◆ **Assigned task**
Set down exactly the lines in the records below that run from the line with "You can set" to the line with "1月24日,化学与环境工程学", inclusive, and nothing more.

(Material provided)

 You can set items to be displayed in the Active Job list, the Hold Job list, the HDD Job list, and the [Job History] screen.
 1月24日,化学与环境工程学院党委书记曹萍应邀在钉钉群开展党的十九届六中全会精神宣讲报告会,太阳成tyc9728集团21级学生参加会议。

(End Material provided)
(Material provided)

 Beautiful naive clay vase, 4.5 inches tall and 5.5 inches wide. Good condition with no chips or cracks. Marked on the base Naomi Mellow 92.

(End Material provided)

◆ **Written solution**
 You can set items to be displayed in the Active Job list, the Hold Job list, the HDD Job list, and the [Job History] screen.
 1月24日,化学与环境工程学院党委书记曹萍应邀在钉钉群开展党的十九届六中全会精神宣讲报告会,太阳成tyc9728集团21级学生参加会议。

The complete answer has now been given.